*What you need to do:*
Starting at the line containing "GEOL 109 EXAM" and ending at the line containing "После проведения замеров, мы", print every line of the material below exactly, both ends included, and stop there.

*Records provided:*
========================================
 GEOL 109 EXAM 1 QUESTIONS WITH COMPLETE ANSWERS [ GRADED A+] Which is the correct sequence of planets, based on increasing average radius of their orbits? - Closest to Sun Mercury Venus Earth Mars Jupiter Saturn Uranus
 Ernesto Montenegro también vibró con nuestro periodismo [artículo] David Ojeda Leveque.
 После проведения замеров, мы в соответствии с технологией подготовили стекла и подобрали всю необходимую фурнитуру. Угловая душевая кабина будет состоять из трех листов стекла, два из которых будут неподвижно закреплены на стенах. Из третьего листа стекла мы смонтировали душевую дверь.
========================================
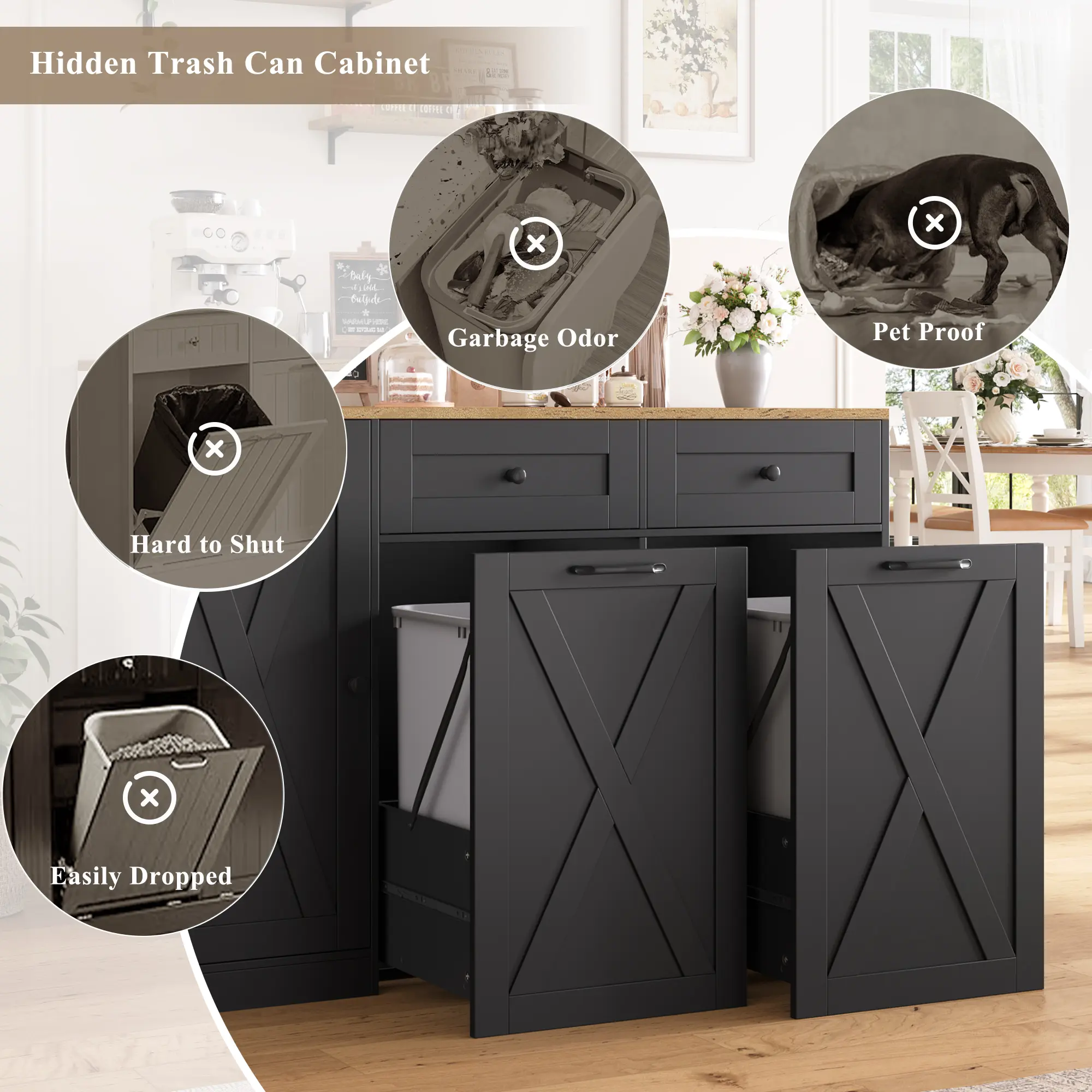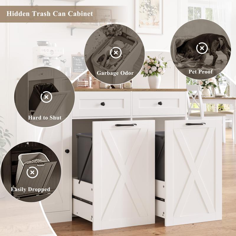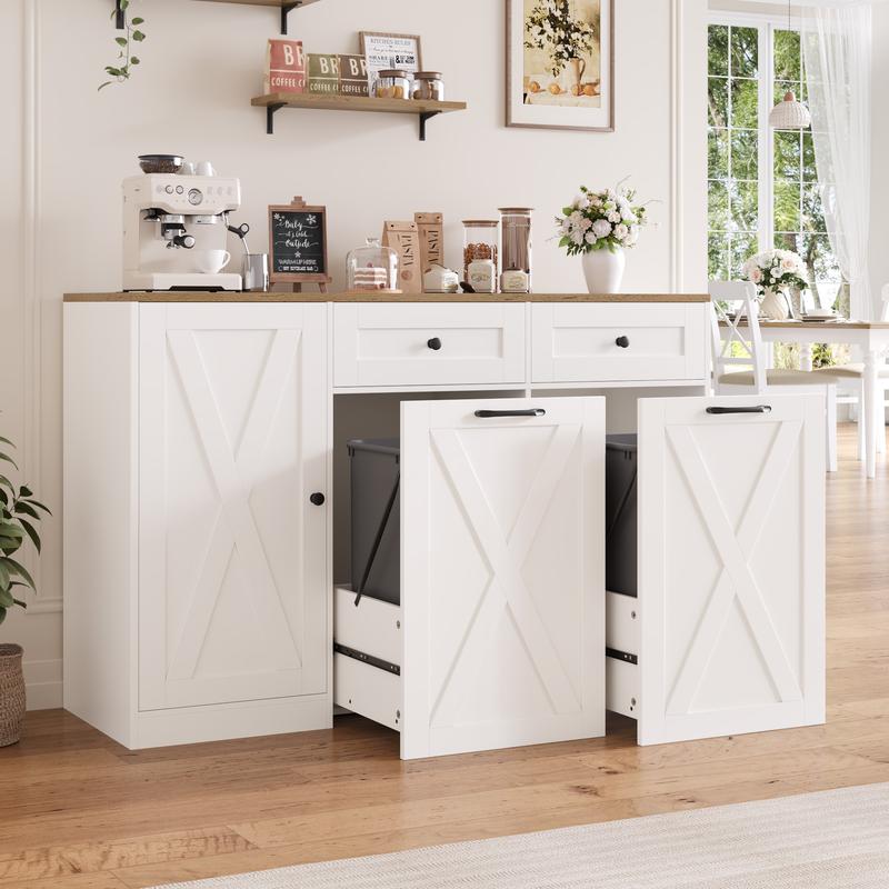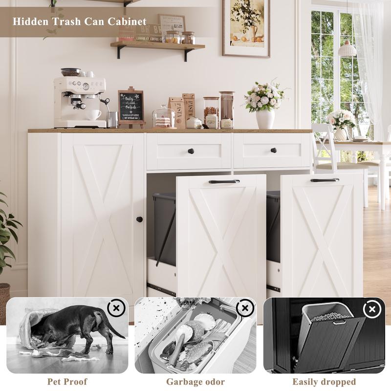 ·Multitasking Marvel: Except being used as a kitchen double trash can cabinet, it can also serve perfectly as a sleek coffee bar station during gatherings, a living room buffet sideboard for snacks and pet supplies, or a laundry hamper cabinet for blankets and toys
========================================
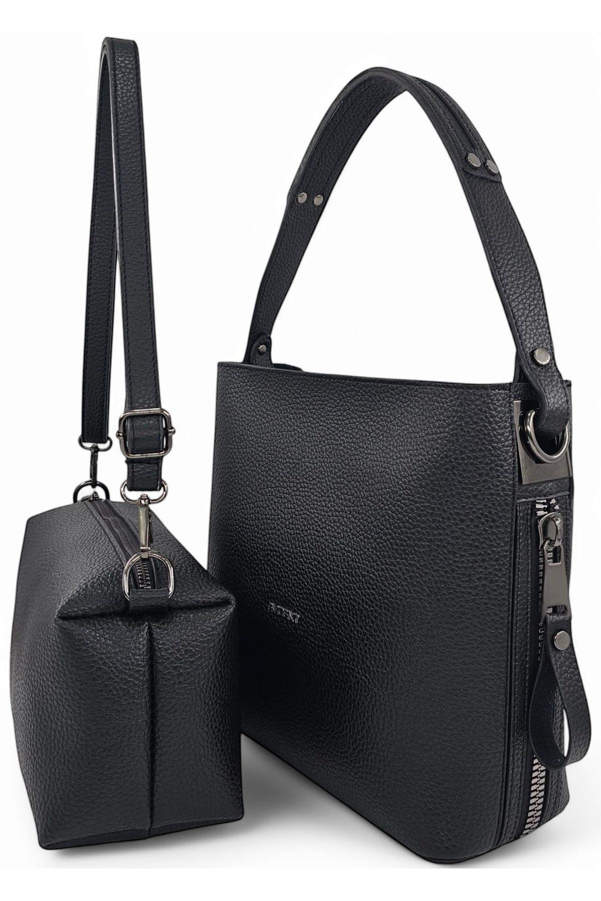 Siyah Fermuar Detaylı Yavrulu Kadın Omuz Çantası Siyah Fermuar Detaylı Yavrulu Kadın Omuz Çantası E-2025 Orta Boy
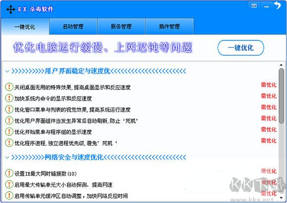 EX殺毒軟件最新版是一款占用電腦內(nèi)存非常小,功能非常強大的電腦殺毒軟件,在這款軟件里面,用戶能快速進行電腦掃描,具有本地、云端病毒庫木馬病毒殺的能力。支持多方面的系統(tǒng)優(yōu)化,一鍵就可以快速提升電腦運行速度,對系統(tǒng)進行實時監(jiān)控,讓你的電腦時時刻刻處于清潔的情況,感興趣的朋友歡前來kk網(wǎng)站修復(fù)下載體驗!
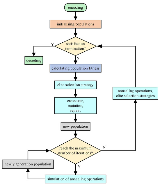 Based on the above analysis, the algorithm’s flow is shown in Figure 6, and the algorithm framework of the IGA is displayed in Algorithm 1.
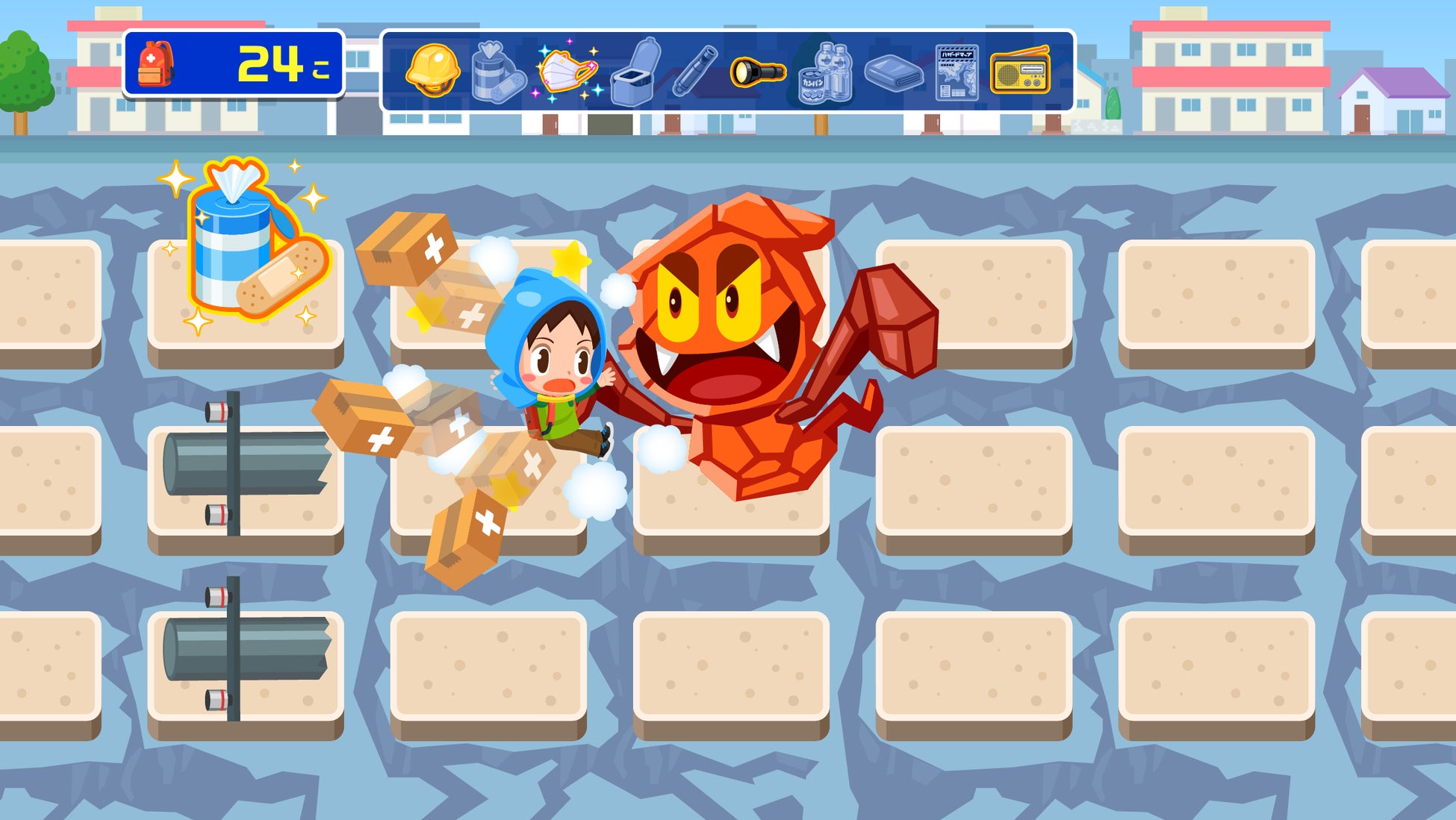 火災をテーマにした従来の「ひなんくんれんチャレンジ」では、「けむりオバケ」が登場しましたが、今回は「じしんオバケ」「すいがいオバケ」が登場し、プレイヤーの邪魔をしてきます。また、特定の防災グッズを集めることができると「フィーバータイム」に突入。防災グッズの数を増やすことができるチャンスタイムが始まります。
========================================
*Task result:*
 GEOL 109 EXAM 1 QUESTIONS WITH COMPLETE ANSWERS [ GRADED A+] Which is the correct sequence of planets, based on increasing average radius of their orbits? - Closest to Sun Mercury Venus Earth Mars Jupiter Saturn Uranus
 Ernesto Montenegro también vibró con nuestro periodismo [artículo] David Ojeda Leveque.
 После проведения замеров, мы в соответствии с технологией подготовили стекла и подобрали всю необходимую фурнитуру. Угловая душевая кабина будет состоять из трех листов стекла, два из которых будут неподвижно закреплены на стенах. Из третьего листа стекла мы смонтировали душевую дверь.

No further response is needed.